Aquellos cinco desdichados no tuvieron público que hiciera durar el juicio, porque en cuanto Darnay salió en compañía del doctor Manette, lo rodeó una multitud en la que le pareció reconocer a todos los asistentes al juicio, exceptuadas dos personas a las que en vano buscó con la mirada. La multitud lo hizo objeto de sus aclamaciones y abrazos; luego lo sentaron en un sillón y lo llevaron en triunfo a su casa.

El doctor se adelantó a aquella procesión con el fin de preparar a su hija, y cuando ésta vio a Carlos cayó desvanecida en sus brazos. Mientras él sostenía a Lucía sobre su pecho, el populacho empezó a bailar la Carmañola. Luego sentaron en el sillón a una joven, proclamándola diosa de la Libertad y se la llevaron en hombros entre gritos y cánticos.
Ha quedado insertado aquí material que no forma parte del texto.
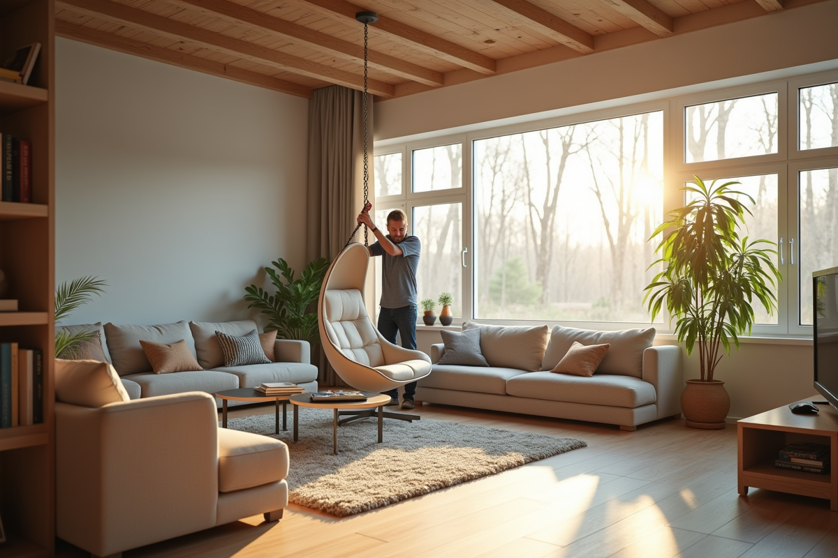 Installer une chaise suspendue, c’est défier la pesanteur à domicile. Mais avant de savourer cette impression de flotter, mieux vaut s’assurer que le rêve ne tourne pas à la dégringolade brutale. L’image du fauteuil qui décroche et du plongeon non sollicité n’est jamais loin, surtout quand la fixation laisse planer le doute.Le fantasme d’un nid aérien se frotte vite à la réalité technique. Les plafonds jouent parfois les trouble-fête, les murs se rebiffent et l’exigence de sécurité s’invite à chaque étape. Quelques astuces précises font la différence, entre acrobatie risquée et douce suspension. Cette fois, la gravité n’imposera pas sa loi.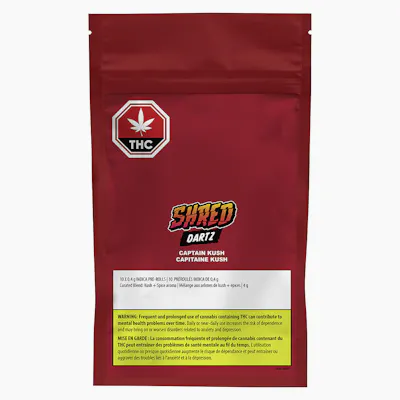 SHRED's Dartz, tube-style pre-rolls crafted with organic hemp paper. Featuring Captain Kush, SHRED's inaugural indica blend.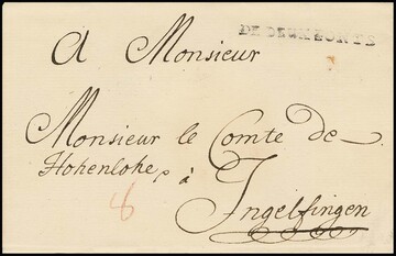 "Zweibrücken", (1743), klarer erster L1 "DE DEUX PONTS" auf Trauerbriefhülle nach Ingelfingen, Feuser 4082-1, 500,-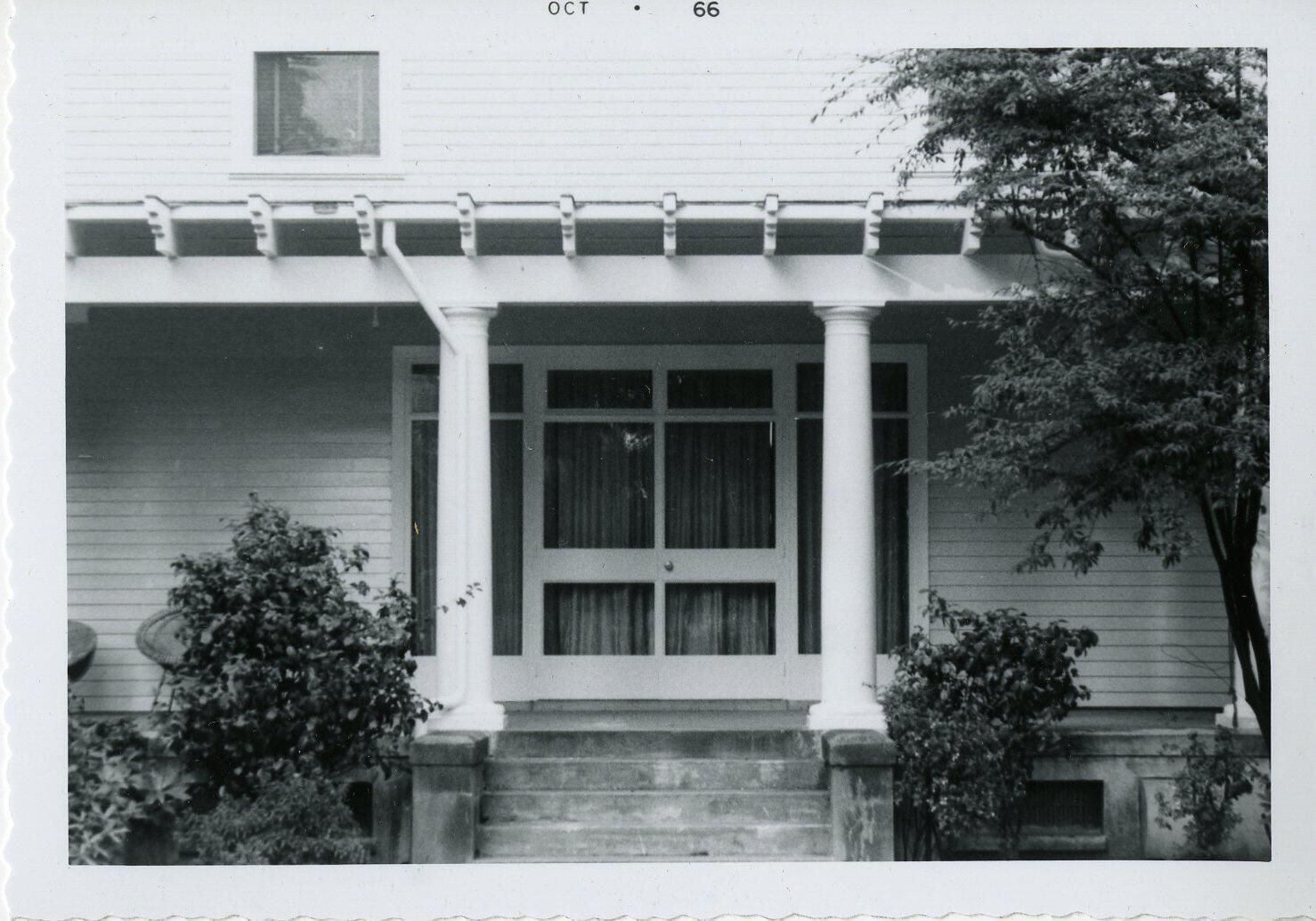 Print, photographic. 3 1/2 x 5 b&w. Snapshot of double door in living room of Schmidt House, Three Meter, in Tumwater WA.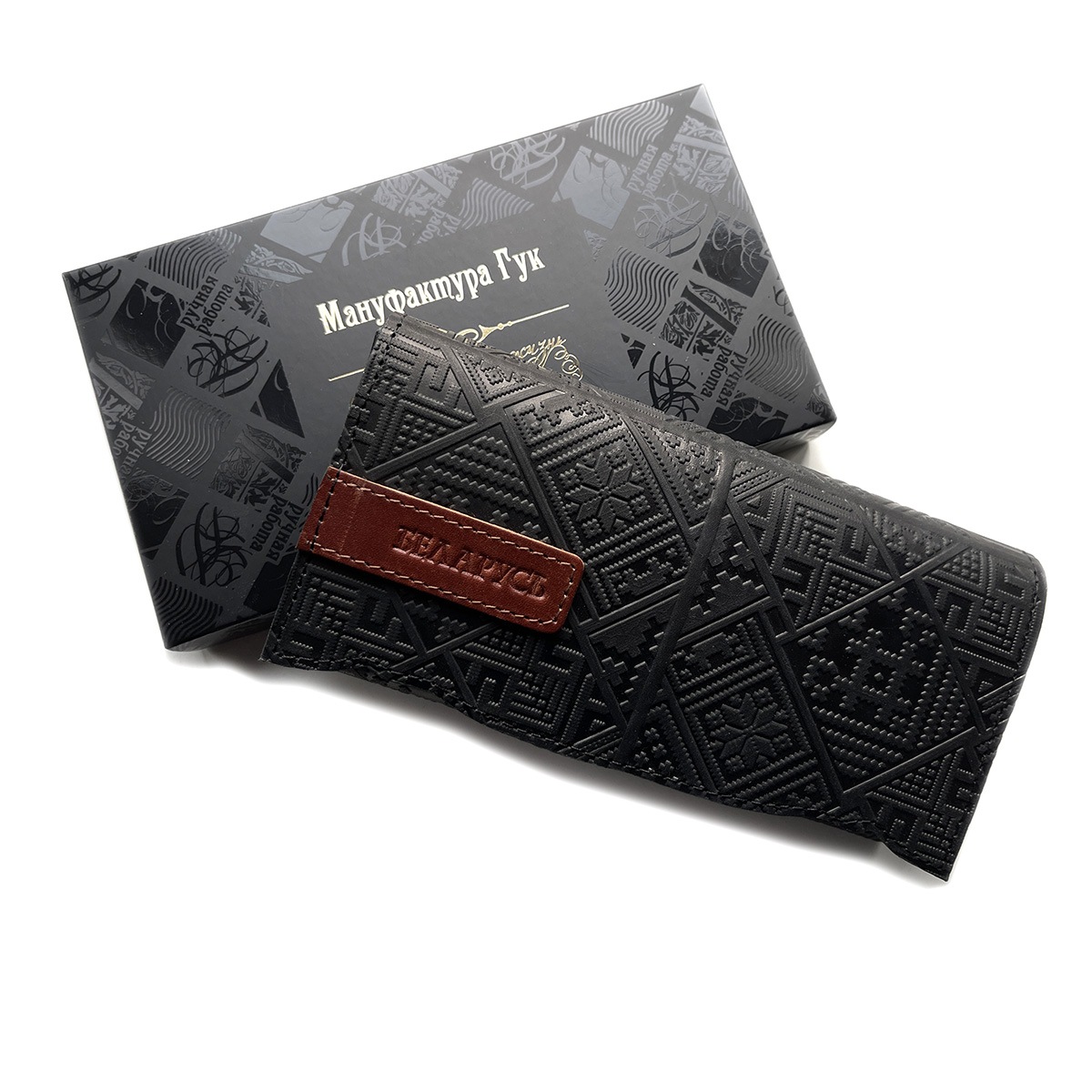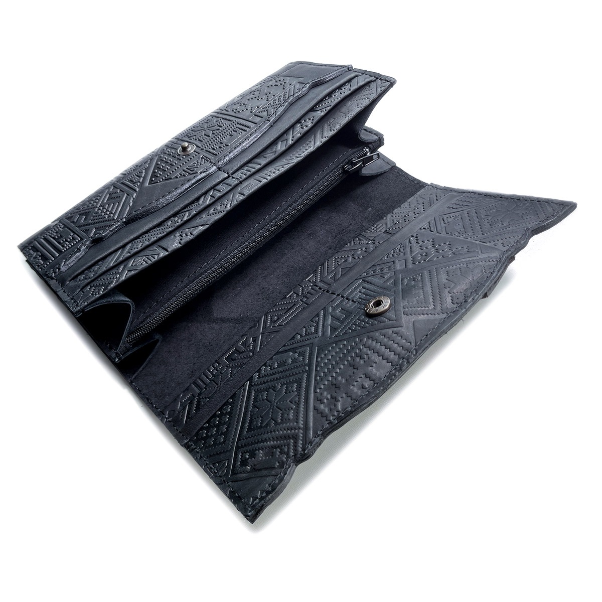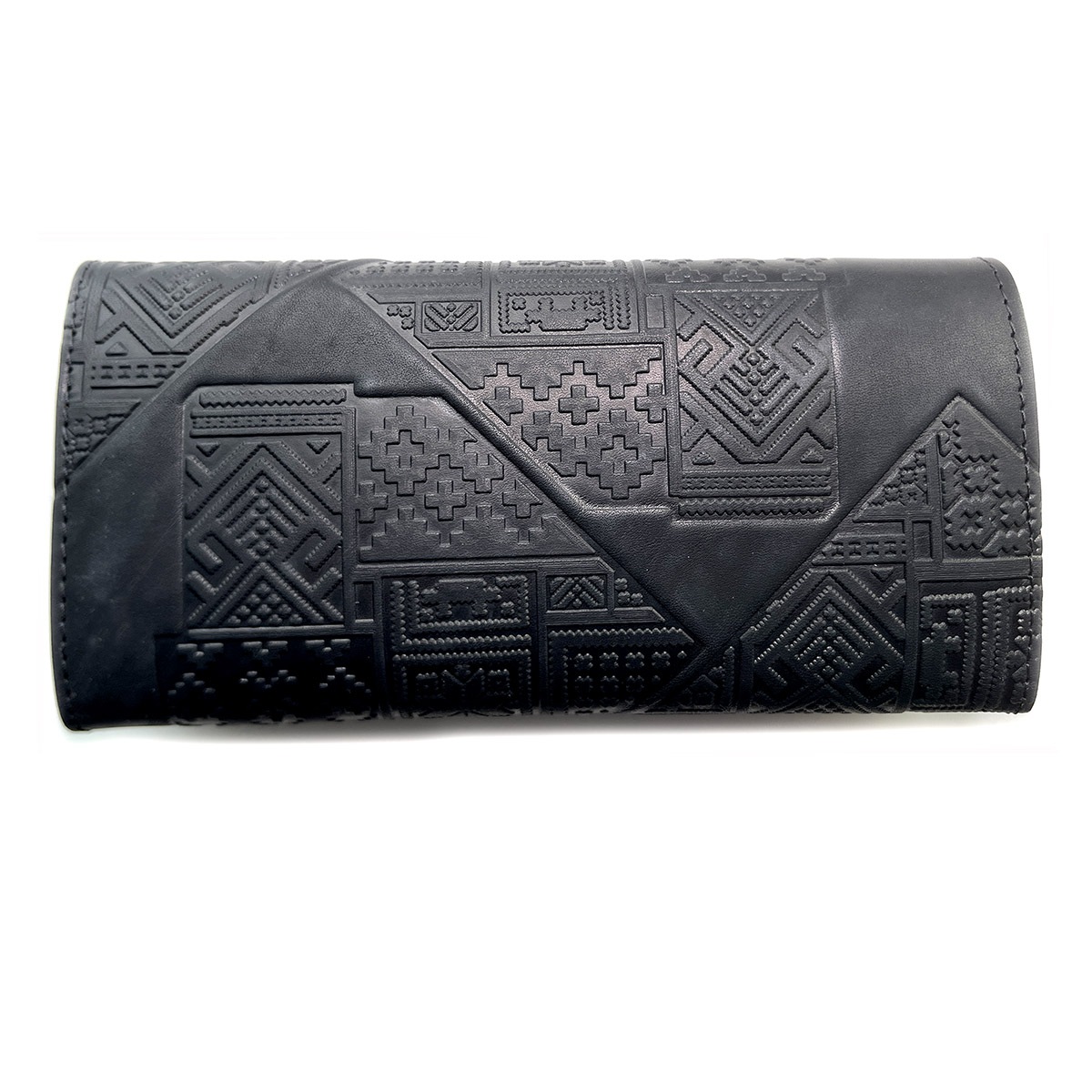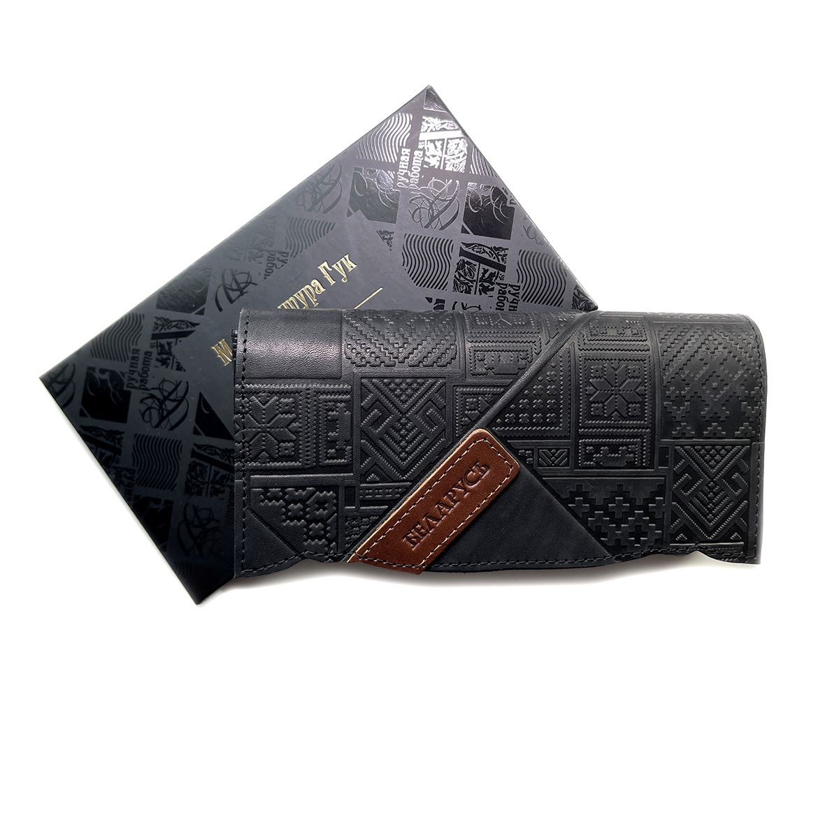 Портмоне большое из натуральной кожи с тиснением. Имеется 12 отдельных карманов для карточек, 3 вместительных отделения для бумажных купюр, а также 1 отделение на молнии, в котором удобно хранить монеты. Закрывается на кнопку.
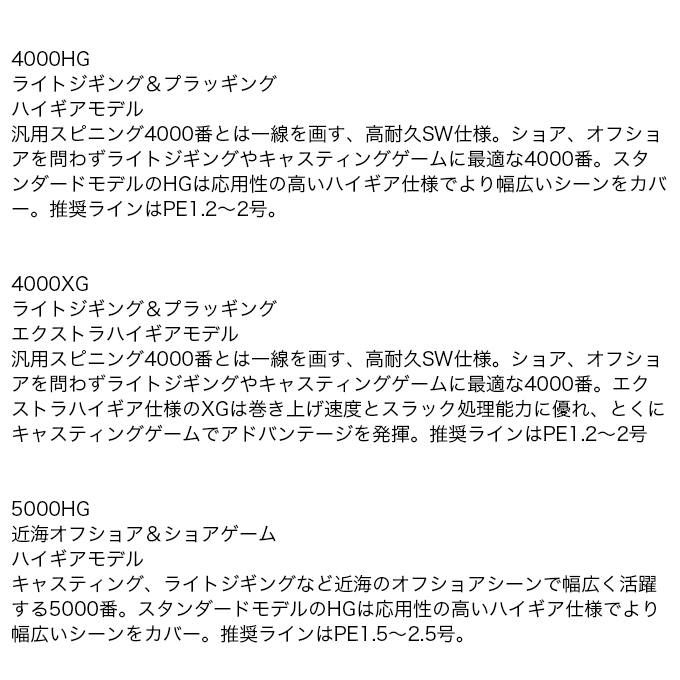 汎用スピニング4000番とは一線を画す、高耐久SW仕様。ショア、オフショアを問わずライトジギングやキャスティングゲームに最適な4000番。スタンダードモデルのHGは応用性の高いハイギア仕様でより幅広いシーンをカバー。推奨ラインはPE1.2〜2号。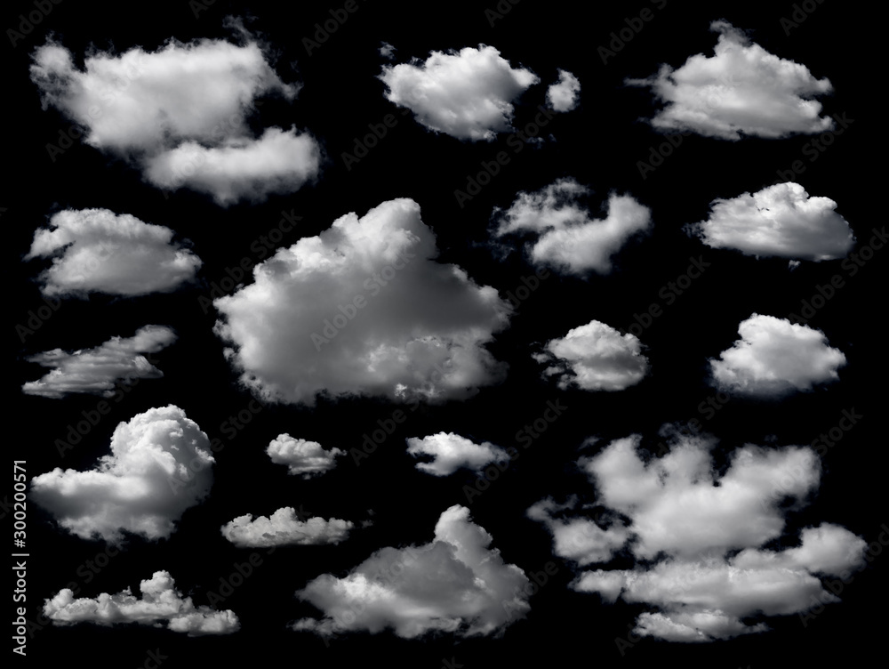 Clouds set isolated on black background. White cloudiness, mist or smog background.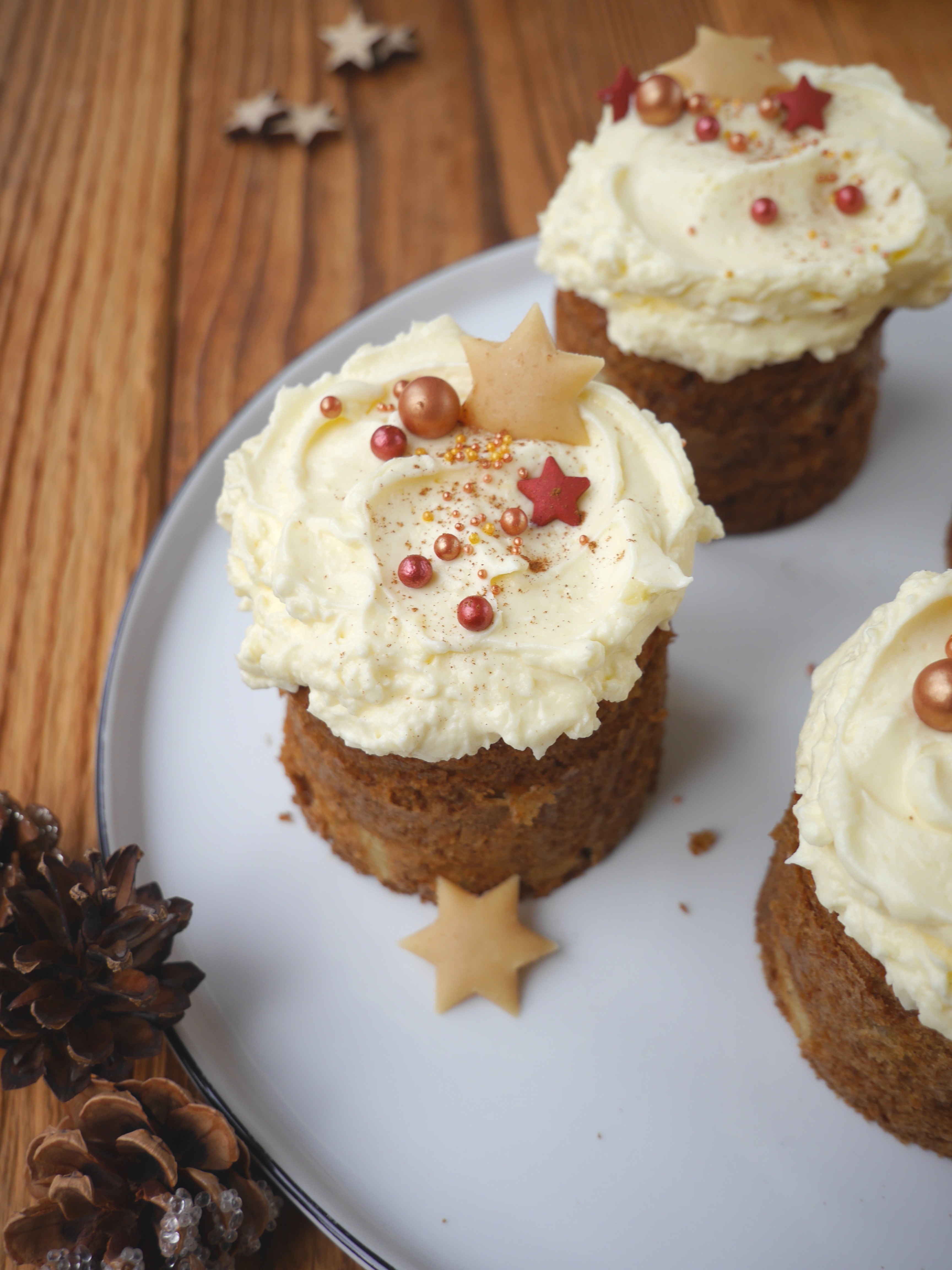 2. Für das Cheesecake-Topping die weiche Butter schaumig schlagen und nach und nach den Frischkäse unterrühren. Sobald eine schöne, glatte Creme entstanden ist, die übrigen Zutaten zur Creme rühren. Die fertige Creme auf den Küchlein verteilen und glattstreichen.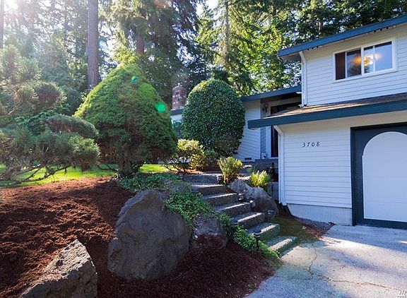 Tri-level home located on over a quarter acre, mature, landscaped lot. Light and bright formal living room with vaulted ceiling and views to front and back yards. Master suite with skylight and elegantly remodeled bath - Tile rain and steam shower with vessel sink, granite counters and custom cabinet with soft close drawers. Family room downstairs with wood stove. Oversized utility room with ample storage. Cedar siding, new paint throughout, vinyl windows, furnace and tankless hot water heater.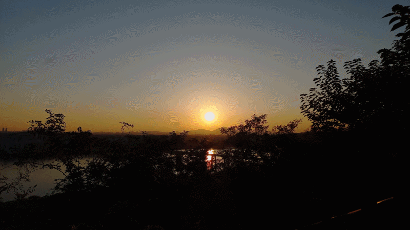 날씨가 맑아서 인천 계양산으로 떨어지는 모습을 직접 볼 수 있었습니다.

Después de estrechar la mano del doctor que, orgulloso de sí mismo estaba a su lado y la del señor Lorry que, jadeante, se había abierto paso por entre la multitud, y después de besar a la pequeña Lucía y de abrazar a la buena señorita Pross, tomó a la esposa en sus brazos y se la llevó a sus habitaciones.

—¡Lucía! ¡Amor mío! ¡Ya estoy libre!

—¡Oh, querido Carlos, déjame que dé gracias a Dios!

Los dos inclinaron reverentemente la cabeza y cuando ella estuvo de nuevo en sus brazos, Carlos le dijo:

—Ahora, querida, da las gracias a tu padre. Nadie más en Francia podría haber hecho lo que él ha hecho por mí.

Lucía reclinó la cabeza en el pecho de su padre, el cual se sintió feliz de haber podido pagar la deuda de gratitud que con su hija tenía.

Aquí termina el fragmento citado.